L’amore indimenticato e indimenticabile per la moglie Aurora è aurorale.

I simbolismi sorrentiniani si sono ritratti come il mare dalla spiaggia. Non siamo dinanzi a “Youth”, alla “Grande Bellezza” o a “Parthenope”. I simboli sono più rarefatti, meno marcati e meno eccessivi, sicuramente maggiormente comprensibili: il vento gagliardo, il robot-cane che precede il Presidente e la sua scorta, il cavallo morente e sofferente.

La critica d’arte Coco Valori (Milvia Marigliano) punteggia il film con la sua intelligente sofferenza e comicità, mentre le musiche house e tecno ritmano l’incantevole fotografia scenica di Daria D’Antonio.

Rimaniamo in attesa di altri premi nazionali ed internazionali.

Fabrizio Giulimondi  




sabato 31 gennaio 2026

"LE COSE NON DETTE" di GABRIELE MUCCINO

                                



Le cose non dette”, ultima bellissima opera di Gabriele Muccino, si colloca ampiamente nella tradizione cineastica drammatica del Regista romano che, con varie intensità, sfumature e tinte, giganteggia dal 1998 nel cinema italiano. “Le cose non dette” non possiede l’implacabile tragicità di “La ricerca della felicità” (2006) e di “Sette anime” (2008), ma riprende gli spunti artistici, interpretativi e narrativi di “L’ultimo bacio (2001) e di “Baciami ancora” (2010).

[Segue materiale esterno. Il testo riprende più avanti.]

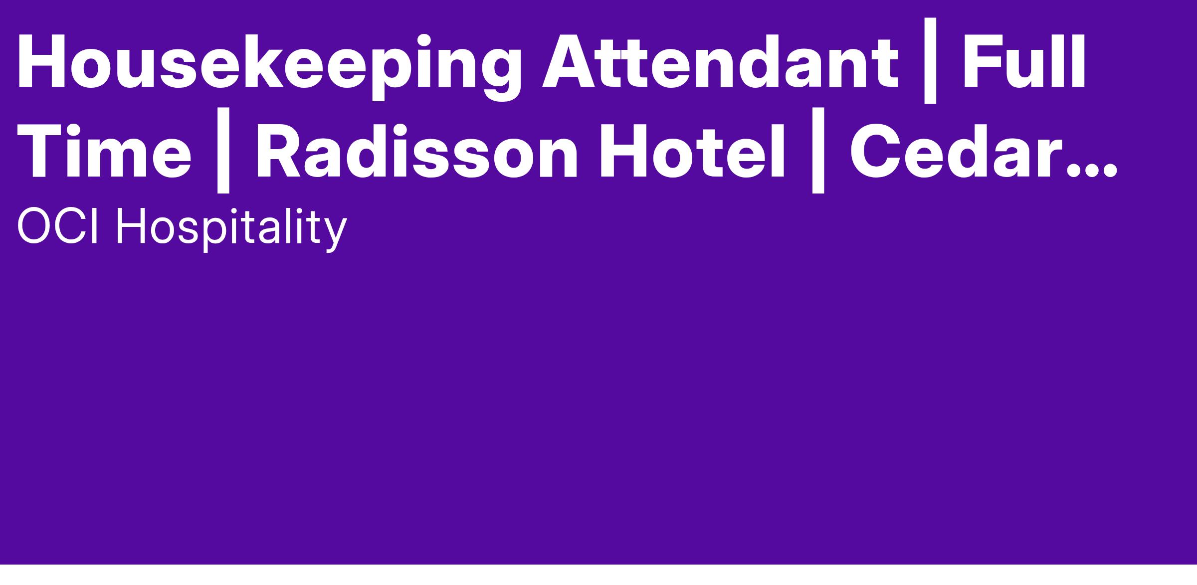 Welcome to Radisson Hotel Cedar Rapids! We are so glad you are considering us as your future workplace! At Hyatt Place we have 148 rooms, a fitness center, business center, 3 meeting rooms with 2,000 square feet, and an on-site restaurant and bar. We provide quests with free breakfast and so much more!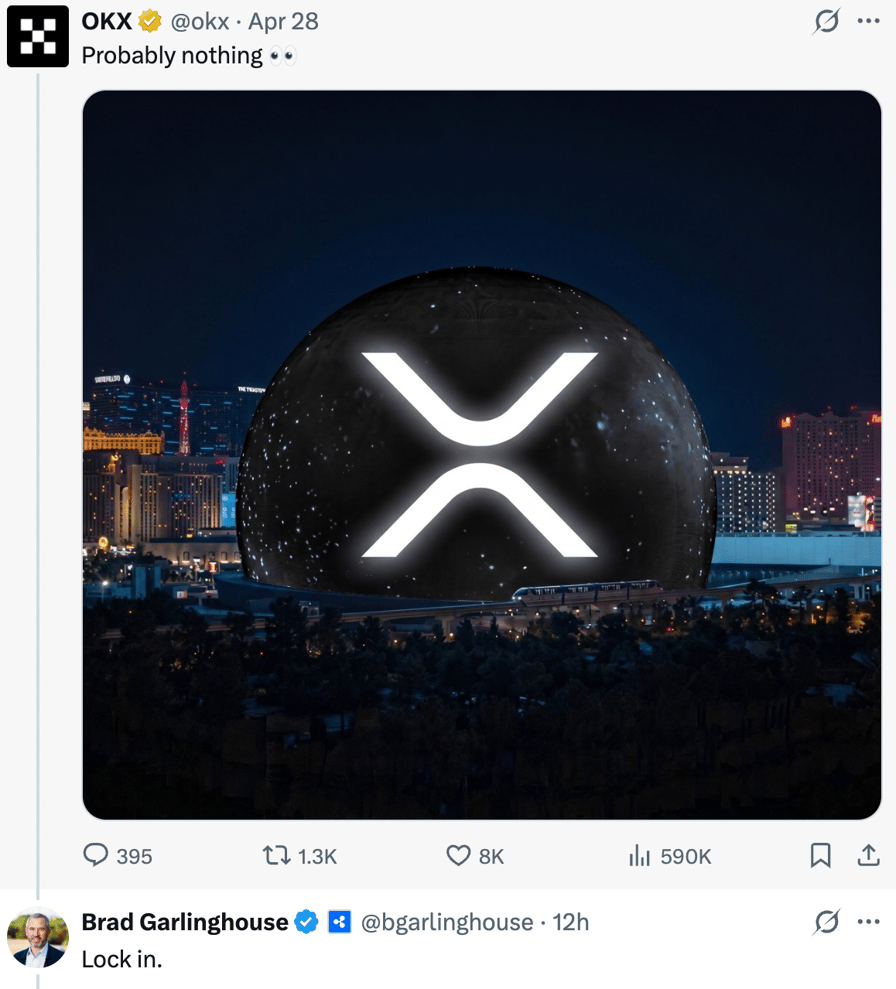 On Tuesday, OKX, a major crypto exchange, posted an image of the Las Vegas Sphere lit with the XRP logo, which Ripple CEO Brad Garlinghouse reposted with a simple directive to his followers: “Lock in.”

La visione destrutturante della famiglia e dei rapporti di coppia incide non con il bisturi ma con il machete sui legami amorosi (o presunti tali) dei protagonisti della storia. Lo sguardo di Muccino - immerso in una luce arabeggiante radiosa e cupa – indugia ad analizzare le dinamiche che governano le vite interiori ed esteriori dei coniugi Carlo (uno Stefano Accorsi che riprende in pieno la mimica disperata e persa nel vuoto di “L’ultimo bacio”) ed Elisa (la bella e dai modi eleganti e raffinati Miriam Leone) e dei coniugi Paolo (un sempre intenso Claudio Santamaria) e Anna (Carolina Crescentini, straordinariamente “fuori di testa”), insieme alla figlia Vittoria (Margherita Pantaleo). Outsider è Blu, amante fragile e pericolosa di Carlo (Beatrice Savigniani).

Il set è Tangeri in Marocco, città intellettuale e bohémien, dove la vacanza delle due famiglie esplode in un finale allo stesso tempo verdiano e shakespeariano. La patologica follia intrisa di cattiveria di Anna devasta la personalità della figlia Vittoria, macera il marito Paolo, imputridisce il rapporto di (pseudo-) amicizia con Carlo ed Elisa. Sono i sentimenti senzapelle di Carlo per Blu a fare da detonatore al coup de théâtre finale: la vita non è forse un concatenarsi di coup de théâtre?

Elisa e Paolo sono anime vere, pulite, sincere, capaci di sentimenti profondi e autentici. Elisa e Paolo sono vittime dei disturbi psichici di Anna e degli impeti brutalmente passionali di Carlo e Blu e putrescenti di Vittoria.

L’alibi, vocabolo gettato apparentemente per caso in mezzo ai dialoghi serrati e ansiogeni, assume una chiave di lettura decisiva.